The following review has been posted through the commitfest application:
make installcheck-world: tested, failed
Implements feature: tested, failed
Spec compliant: tested, failed
Documentation: tested, failed

Hi

I had a look at the patch and it cleanly applies to postgres master branch. I tried to do a quick test on the new "where clause" functionality and for the most part it does the job as described and I'm sure some people will find this feature useful to their database dump needs. However I tried the feature with a case where I have a subquery in the where clause, but it seems to be failing to dump the data. I ran the pg_dump like:

$ pg_dump -d cary --where="test1:a3 = ( select max(aa1) from test2 )" > testdump2
$ pg_dump: error: processing of table "public.test1" failed

both test1 and test2 exist in the database and the same subquery works under psql.

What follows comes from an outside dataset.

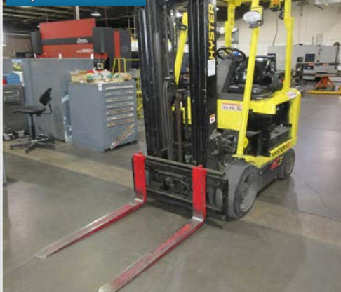
HYSTER E502-27 FORKLIFT

I also notice that the regression tests for pg_dump is failing due to the patch, I think it is worth looking into the failure messages and also add some test cases on the new "where" clause to ensure that it can cover as many use cases as possible.

thank you
Best regards

Cary Huang
-------------
HighGo Software Inc. (Canada)
cary.huang@highgo.ca
www.highgo.ca

#3Daniel Gustafsson
daniel@yesql.se
In reply to: Cary Huang (#2)
Re: pg_dump --where option

On 10 Jul 2020, at 02:03, Cary Huang <cary.huang@highgo.ca> wrote:

The following review has been posted through the commitfest application:
make installcheck-world: tested, failed
Implements feature: tested, failed
Spec compliant: tested, failed
Documentation: tested, failed

Hi

I had a look at the patch and it cleanly applies to postgres master branch. I tried to do a quick test on the new "where clause" functionality and for the most part it does the job as described and I'm sure some people will find this feature useful to their database dump needs. However I tried the feature with a case where I have a subquery in the where clause, but it seems to be failing to dump the data. I ran the pg_dump like:

$ pg_dump -d cary --where="test1:a3 = ( select max(aa1) from test2 )" > testdump2
$ pg_dump: error: processing of table "public.test1" failed

both test1 and test2 exist in the database and the same subquery works under psql.

I also notice that the regression tests for pg_dump is failing due to the patch, I think it is worth looking into the failure messages and also add some test cases on the new "where" clause to ensure that it can cover as many use cases as possible.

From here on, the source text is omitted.